◆ WHAT IS EXPECTED
An exact transcription is needed of the lines below from the one with "37x30 cm. Anversa" through the one with "为提升毕业生公务员考试面试技", with no other lines and no pictures.

:: EXERCISE INPUTS ::

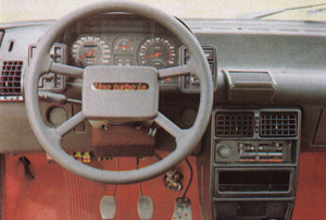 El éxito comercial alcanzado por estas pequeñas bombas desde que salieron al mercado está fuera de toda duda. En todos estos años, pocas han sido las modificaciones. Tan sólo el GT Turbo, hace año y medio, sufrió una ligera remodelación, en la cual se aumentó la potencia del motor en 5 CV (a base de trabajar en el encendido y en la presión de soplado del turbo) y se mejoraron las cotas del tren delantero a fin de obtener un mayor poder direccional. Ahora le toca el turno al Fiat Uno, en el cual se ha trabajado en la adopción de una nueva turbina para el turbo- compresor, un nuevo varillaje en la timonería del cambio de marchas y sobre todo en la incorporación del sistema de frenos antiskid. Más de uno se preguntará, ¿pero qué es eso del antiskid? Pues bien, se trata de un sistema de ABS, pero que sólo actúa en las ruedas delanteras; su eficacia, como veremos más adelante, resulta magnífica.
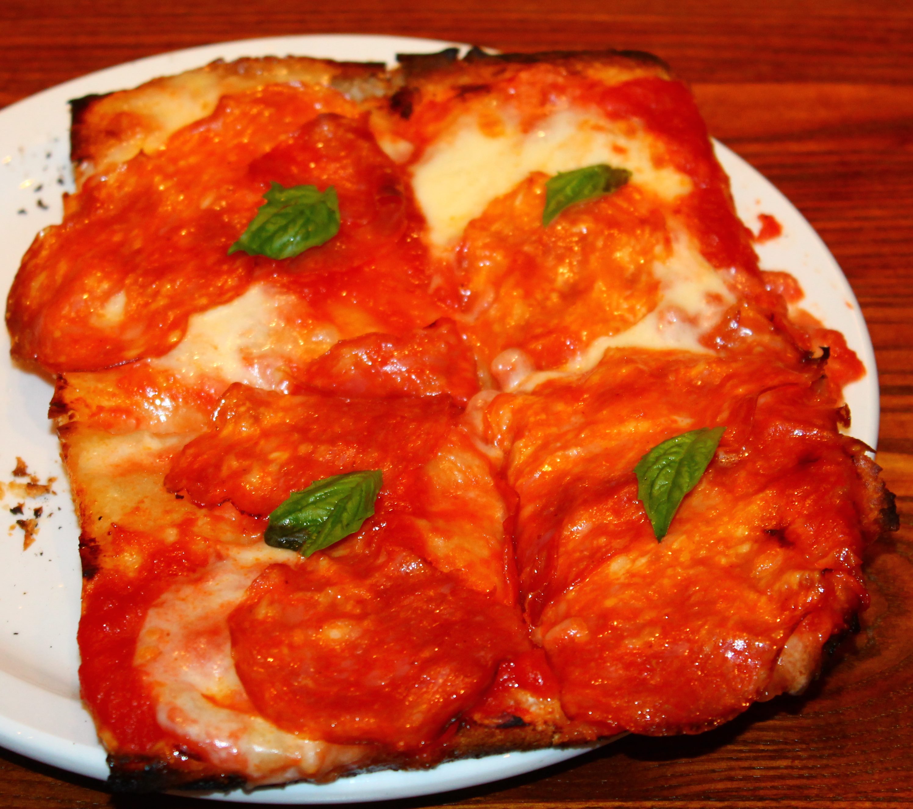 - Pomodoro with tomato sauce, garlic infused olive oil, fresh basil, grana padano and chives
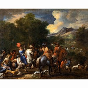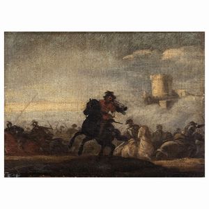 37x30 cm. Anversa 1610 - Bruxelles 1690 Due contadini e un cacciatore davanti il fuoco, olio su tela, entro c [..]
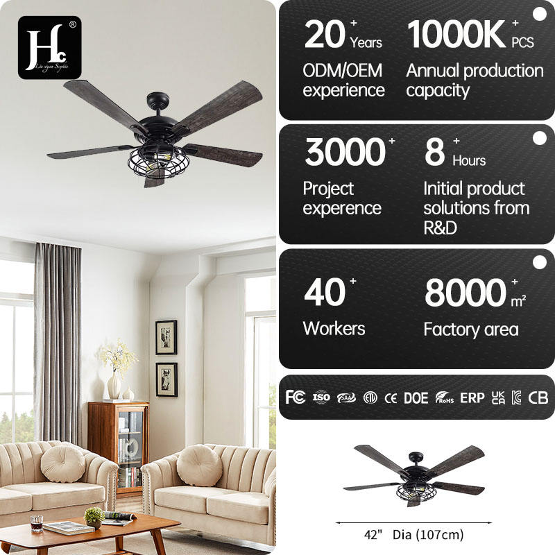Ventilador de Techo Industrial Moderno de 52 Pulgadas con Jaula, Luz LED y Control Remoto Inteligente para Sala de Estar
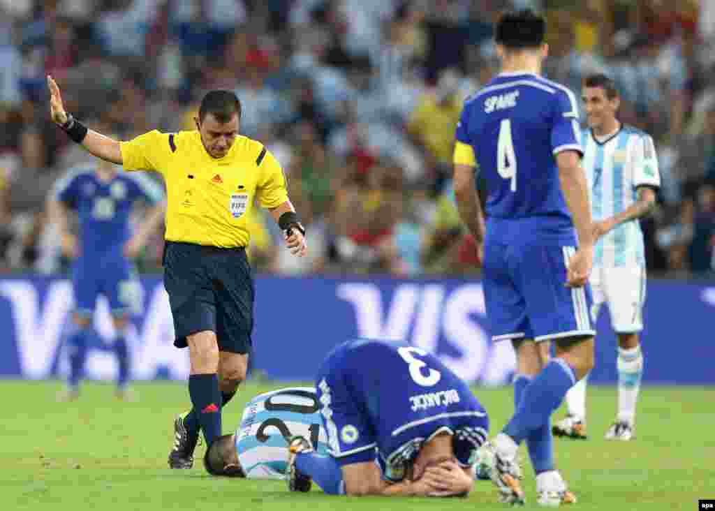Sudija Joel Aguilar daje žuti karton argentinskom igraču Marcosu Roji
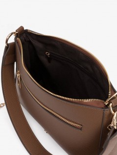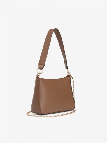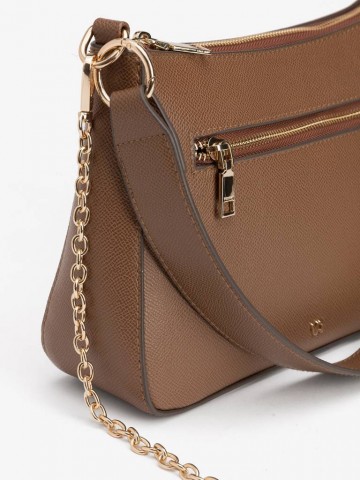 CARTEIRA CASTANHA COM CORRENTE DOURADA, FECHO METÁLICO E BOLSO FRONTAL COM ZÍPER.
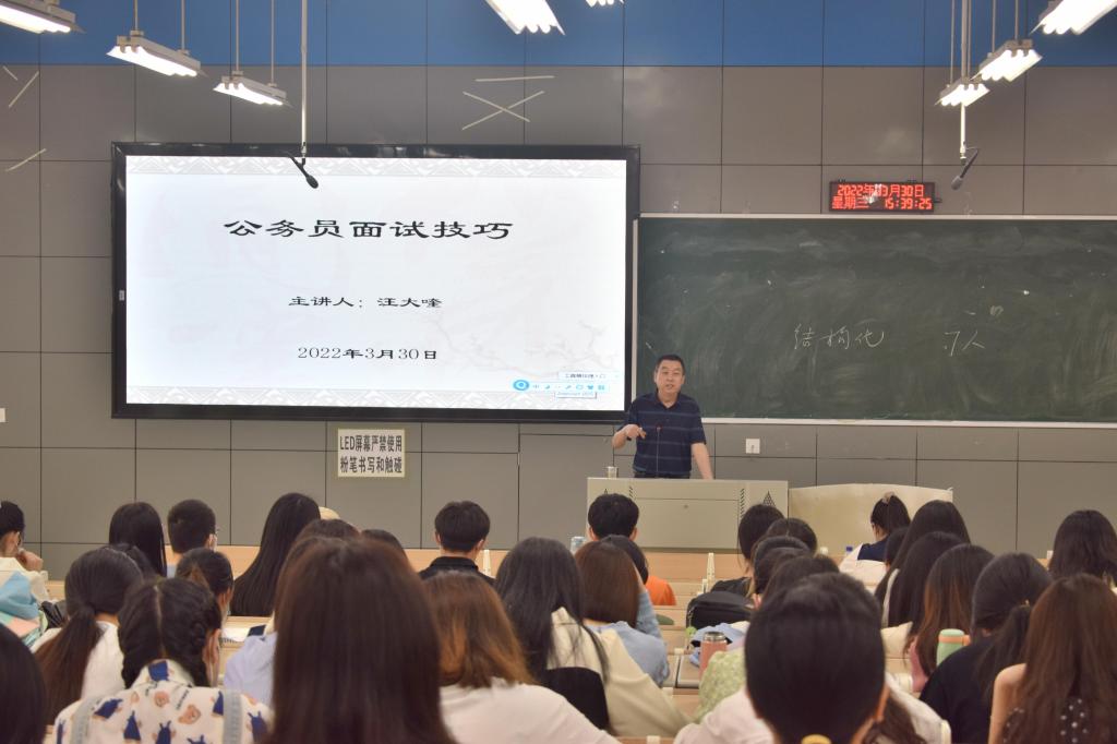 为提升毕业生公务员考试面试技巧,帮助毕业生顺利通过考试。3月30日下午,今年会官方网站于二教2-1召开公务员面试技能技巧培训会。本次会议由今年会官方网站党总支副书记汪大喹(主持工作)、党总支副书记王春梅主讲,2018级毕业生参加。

:::
:: EXERCISE INPUTS ::

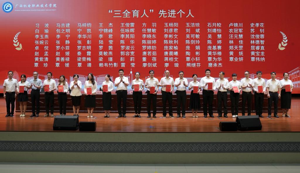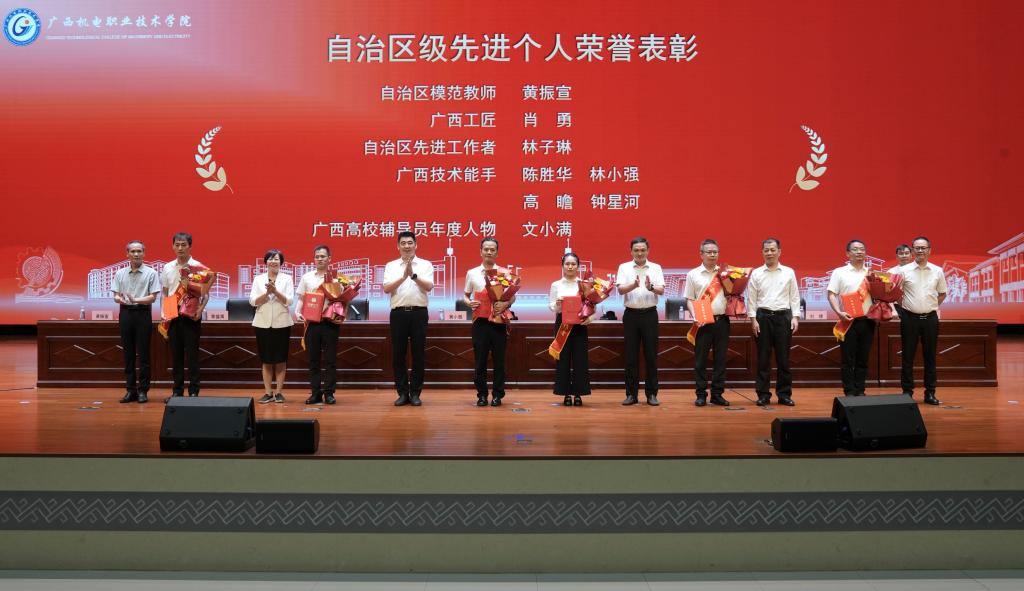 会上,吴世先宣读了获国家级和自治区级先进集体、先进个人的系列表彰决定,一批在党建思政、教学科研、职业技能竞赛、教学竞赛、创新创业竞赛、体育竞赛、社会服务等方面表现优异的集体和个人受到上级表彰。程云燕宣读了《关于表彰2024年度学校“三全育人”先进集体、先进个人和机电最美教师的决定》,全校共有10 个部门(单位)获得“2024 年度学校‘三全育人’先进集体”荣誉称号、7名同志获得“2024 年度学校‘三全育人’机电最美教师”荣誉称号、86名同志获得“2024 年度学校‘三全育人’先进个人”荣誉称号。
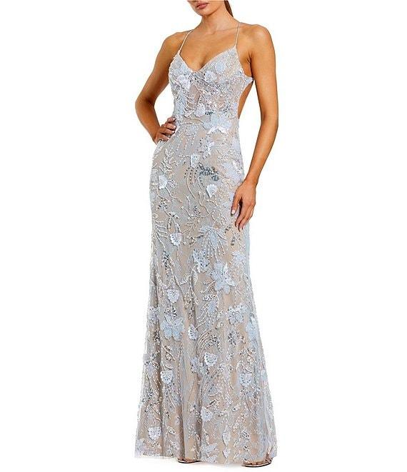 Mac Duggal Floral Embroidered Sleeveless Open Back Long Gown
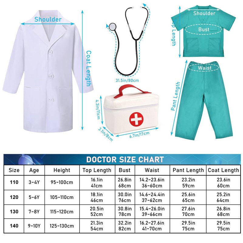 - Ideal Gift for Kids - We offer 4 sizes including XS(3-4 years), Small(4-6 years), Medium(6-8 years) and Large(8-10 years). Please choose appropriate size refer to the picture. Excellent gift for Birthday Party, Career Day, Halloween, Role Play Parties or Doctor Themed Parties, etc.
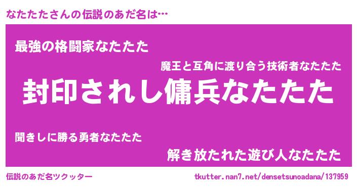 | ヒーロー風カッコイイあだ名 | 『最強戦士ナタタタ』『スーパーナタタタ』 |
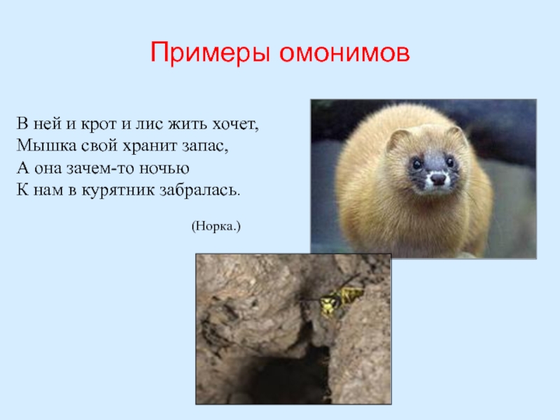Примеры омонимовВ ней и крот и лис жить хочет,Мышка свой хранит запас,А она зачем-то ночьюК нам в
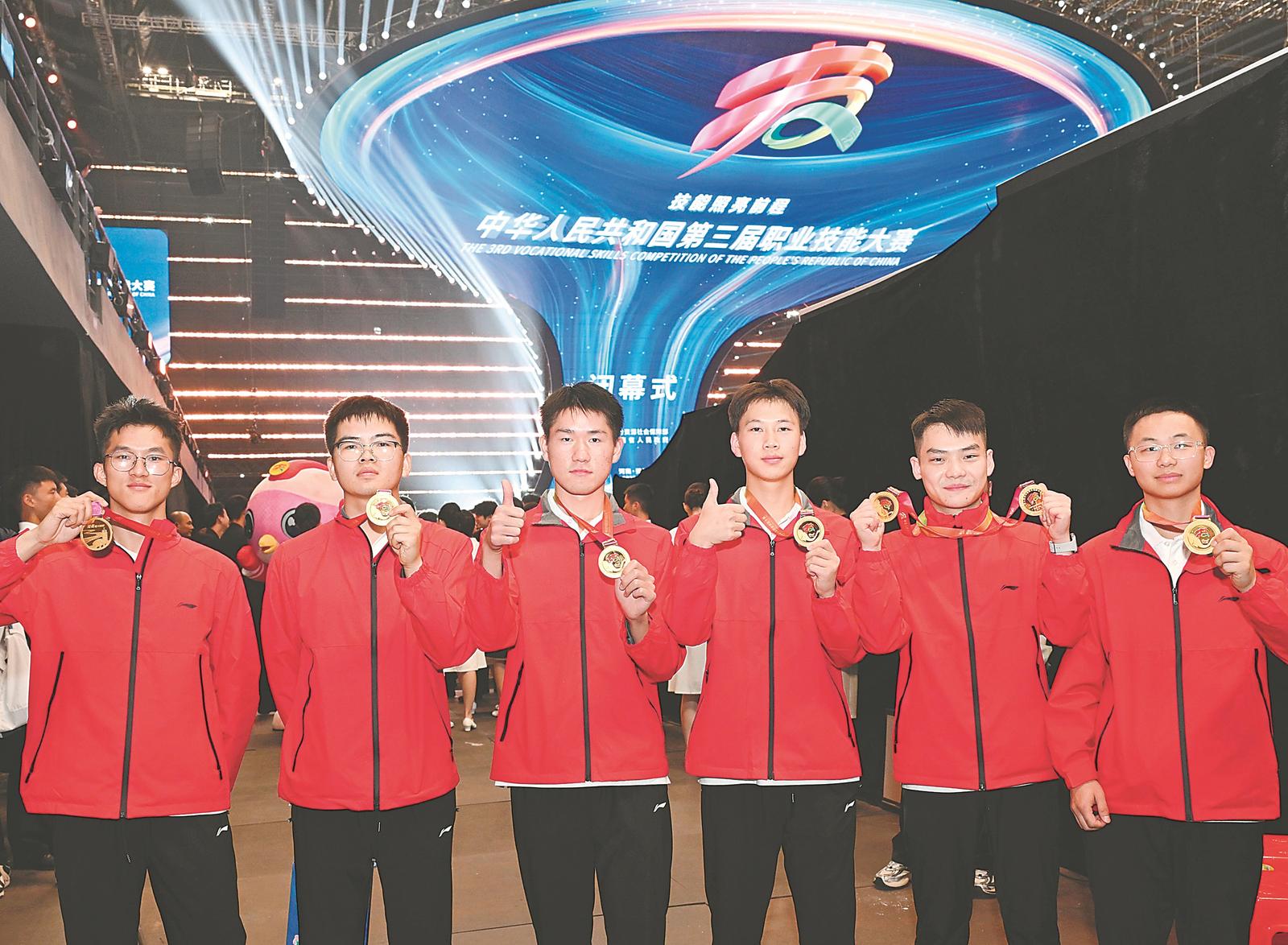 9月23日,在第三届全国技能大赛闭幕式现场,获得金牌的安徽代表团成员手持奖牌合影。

:::
:: EXERCISE INPUTS ::

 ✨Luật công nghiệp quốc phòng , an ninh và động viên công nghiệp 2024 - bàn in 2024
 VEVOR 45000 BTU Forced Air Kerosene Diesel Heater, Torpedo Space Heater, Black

:::

◆ EXPECTED ANSWER
 37x30 cm. Anversa 1610 - Bruxelles 1690 Due contadini e un cacciatore davanti il fuoco, olio su tela, entro c [..]
Ventilador de Techo Industrial Moderno de 52 Pulgadas con Jaula, Luz LED y Control Remoto Inteligente para Sala de Estar
Sudija Joel Aguilar daje žuti karton argentinskom igraču Marcosu Roji
 CARTEIRA CASTANHA COM CORRENTE DOURADA, FECHO METÁLICO E BOLSO FRONTAL COM ZÍPER.
 为提升毕业生公务员考试面试技巧,帮助毕业生顺利通过考试。3月30日下午,今年会官方网站于二教2-1召开公务员面试技能技巧培训会。本次会议由今年会官方网站党总支副书记汪大喹(主持工作)、党总支副书记王春梅主讲,2018级毕业生参加。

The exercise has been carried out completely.